Twenty-two moderately hyperlipidemic obese humans consuming PPC twice daily for 12 weeks, were compared with twenty matching participants ingesting low-fat yoghurt enriched with vitamins C and E.

PPC consumption led to significantly reduced (P<0.05) plasma free fatty acid (FFA -29%) and triglyceride (TG -24%) concentrations. In subjects older than 55 years, FFA levels decreased by 37% (P<0.01), whereas the TG lowering effect depends rather on TG concentration at baseline. PPC administration resulted in a moderately decreased portion of saturated FA and a moderately increased percentage of monounsaturated FA on plasma FFA.
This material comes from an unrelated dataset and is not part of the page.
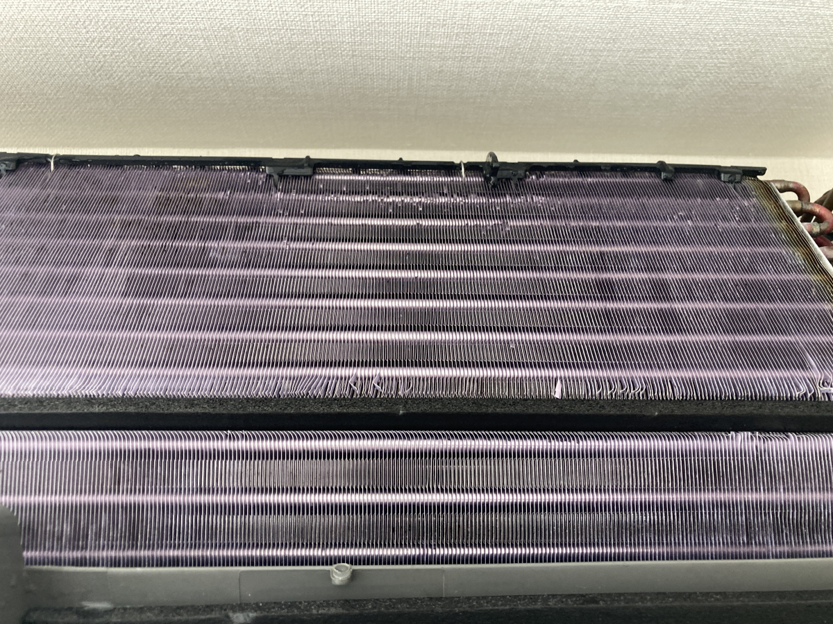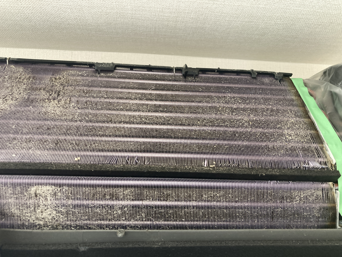 2011年製になります、分解すると熱交換機と呼ばれるアルミフィンは汚れが詰まっているのが見て取れます。

Moreover PPC application increased the PPARα relative mRNA abundances 2.6 fold (P<0.05) in PBMCs, whereas the expression of SREBP1c was down-regulated by a factor 0.8. In addition the relative mRNA abundances of PPARα target genes CPT1A, CPT1B, CRAT and OCTN2 were enhanced by a factor of (2.1, 1.8, 2.1, and 2.7, respectively each P<0.05). In controls, plasma lipid levels and PBMC gene-expression did not change after 12 weeks.

Conclusion

In conclusion the supplementation of PPC had marked lipid lowering effects and the results provide convincing evidence, that PBMC gene expression profiles reflect nutrition-related metabolic changes.